An Early Day Motion proposed in the House of Commons, which reads as follows, has the support of 145 Members of Parliament:

That this House urges the Government to re-examine the case for introducing small, limited sections of safe standing areas at football grounds; further urges the Government to recognise that there is widespread support for such areas, and that improvements in stadium design and technology mean that with rigorous safety specifications standing areas could be safely re-introduced; and calls on the Minister concerned to convene a meeting of representatives of the police, supporters, Premier League clubs and the Football Licensing Authority to find a way forward.

The campaign will receive further grassroots support when Wycombe Wanderers host a “Fans United” day in support of safe standing, in their televised game on September 9th. All of the 145 MPs who have signed the above motion have been invited, and fans from all other league clubs are being urged to attend in their club colours, as a show of united support for the return of standing.
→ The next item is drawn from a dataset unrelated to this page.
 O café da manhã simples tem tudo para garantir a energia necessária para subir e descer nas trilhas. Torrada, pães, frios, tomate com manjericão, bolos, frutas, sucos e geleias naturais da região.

The German example of safe standing areas has proved to be influential, and in the U.S., hundreds regularly stand on bleachers at places like Toyota Park with very little problem. No-one wants a return to the dilapidated terraces of the 1980s, but that is not what is being proposed. Stadiums will always be dominated by seating, as most people that attend games are, basically, spectators, participating only periodically in the atmosphere. But there ought to be room for supporters, too, who really need to be standing freely together to provide the continual collective passion that gives football its intensity.
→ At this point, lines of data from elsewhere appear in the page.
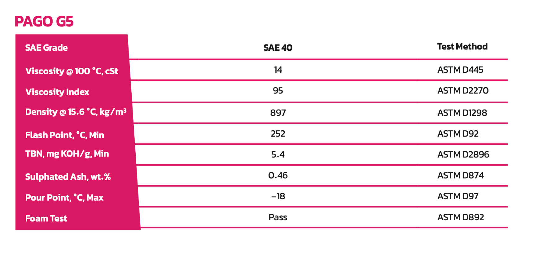پاگو G5 روغن موتور با خاکستر سولفاته کم است که برای روانکاری موتورهای ثابت گازسوز تولیدشده توسط تمام شرکتهای پیشرو در ساخت این نوع از موتورها، که با گاز طبیعی کار میکنند، طراحی شده است. پاگو G5 با هدف تامین بیشترین محافظت از موتور در برابر سایش و خوردگی، با استفاده از روغن پایههای بهخوبی تصفیه شده و ادتیوهای ویژهای که منطبق با الزامات عملکردی CES 20074 و API CF Cummins میباشند، فرموله شده است. پاگو G5 در موتورهای ثابت گازسوزی که به روغنی با خاکستر سولفاته کم نیاز دارند، دارای بهترین عملکرد میباشد.
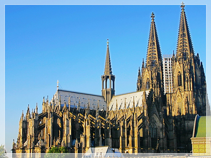科隆大教堂,始建于1248年,一直到1880建成,经过了七个世纪,它先后的建筑者都持有同样的信仰,而且绝对忠诚于原定计划。除了它自身特有的价值和其包含的艺术价值外,它还表现了欧洲基督教的力量和耐力。它以轻盈、雅致著称于世,是中世纪欧洲哥特式建筑艺术的代表作,也可以说是世界上最完美的哥特式教堂建筑。它在第二次世界大战中被破坏,随后在以后的几年内被完好的修复。
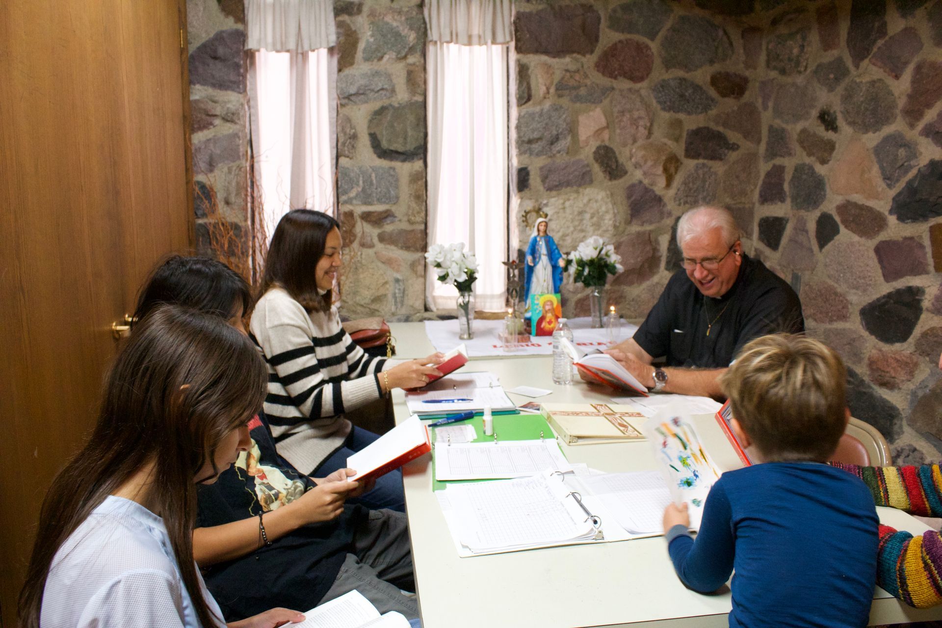 Nuestras reuniones incluyen rezar el Rosario y otras oraciones. Estudiamos nuestro Manual. También hablamos sobre las formas en que podemos llegar con la fe católica a otros.

Without reasonably priced standing areas, that passion is drained from the grounds. One suspects that Premier League clubs will not lead any return to standing. But perhaps this is something that Football League clubs — from the Championship on down (currently, standing is allowed only below the Championship) — can further use to differentiate themselves from the prawn sandwich elite, if only the government would relax the regulations to allow it.